= Bob O. Evans =

American computer pioneer (1927–2004)

Bob Overton Evans (August 19, 1927 – September 2, 2004), also known as "Boe" Evans, was an American computer pioneer and corporate executive at IBM (International Business Machines). He led the groundbreaking development of compatible computers that changed the industry.

==Early life and education==

Evans was born in Grand Island, Nebraska. In 1951, after earning an engineering degree from Iowa State University, he joined IBM as a junior engineer.

==Career==
Bob O. Evans joined IBM in a low level engineering position in
1951
as it was developing a new range of "computers" based on vacuum tubes (earlier IBM computers used mechanical
switches). A natural and very
capable manager he moved up the company hierarchy to the position of vice president (development) in
the Data Systems division in 1962. This was apparently created as a position where he had responsibility for the
development of "System/360", a merger of IBMs separate scientific and business computing systems.

In the early 1960s, Evans persuaded IBM’s chairman, Thomas J. Watson Jr., to discontinue the company’s development of a hodgepodge of incompatible computers and instead to embark on the development of a single product line of general-purpose, compatible computers. Until then, researchers thought that the fields of scientific computing and commercial data processing each required their own type of special-purpose computer. Compatibility would ensure that the same software could run on any model of the product line, avoiding a re-programming of software.
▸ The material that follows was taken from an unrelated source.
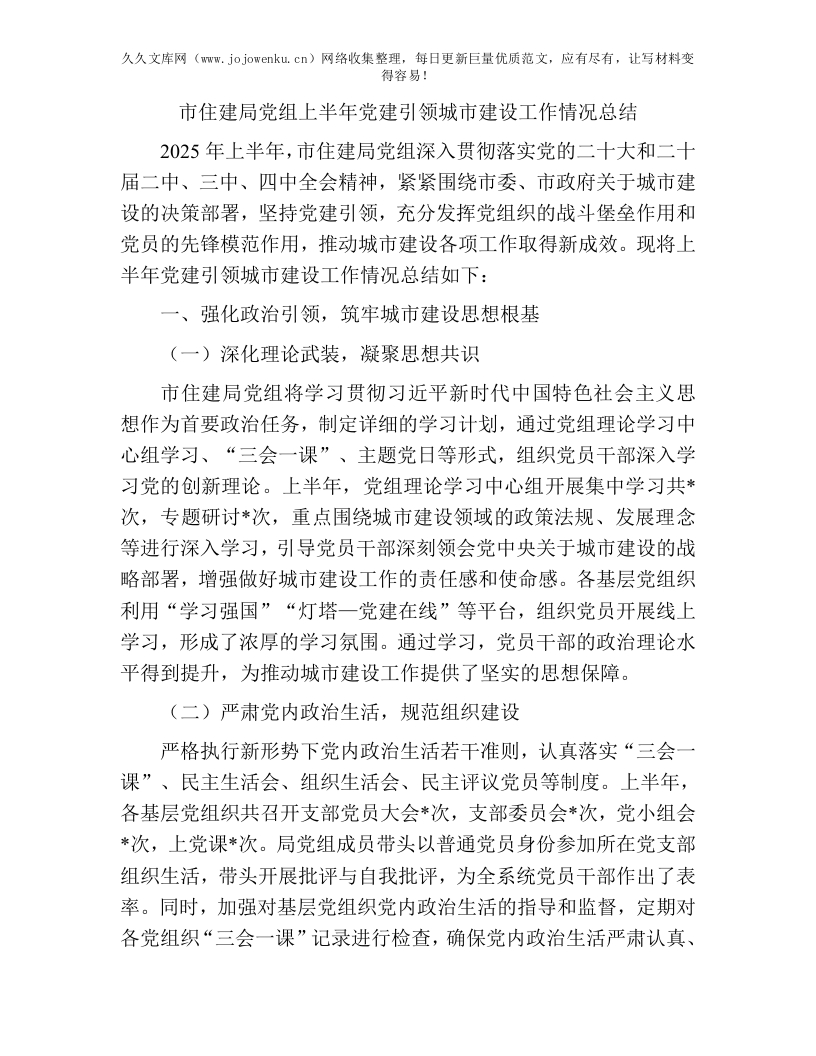上半年党建引领城市建设工作总结:市住建局党组上半年党建引领城市建设工作情况总结

Evans had overall responsibility for the hardware and software development of what was announced on April 7, 1964, as the IBM System/360 product line, with six models (later gradually expanded to 18 models) and a performance range factor of 50. IBM – in 1964 a company with an annual revenue of $3.2 billion – invested more than $5 billion in engineering, factories and equipment to develop and manufacture System/360, opening five plants and hiring 60,000 employees. In the lead article about System/360 in the IBM Journal of Research and Development, April 1964, only Evans was acknowledged by name, in these words: “The scope of the compatibility objective and of the whole System/360 undertaking was largely due to B. O. Evans, Data Systems Division Vice President–Development.”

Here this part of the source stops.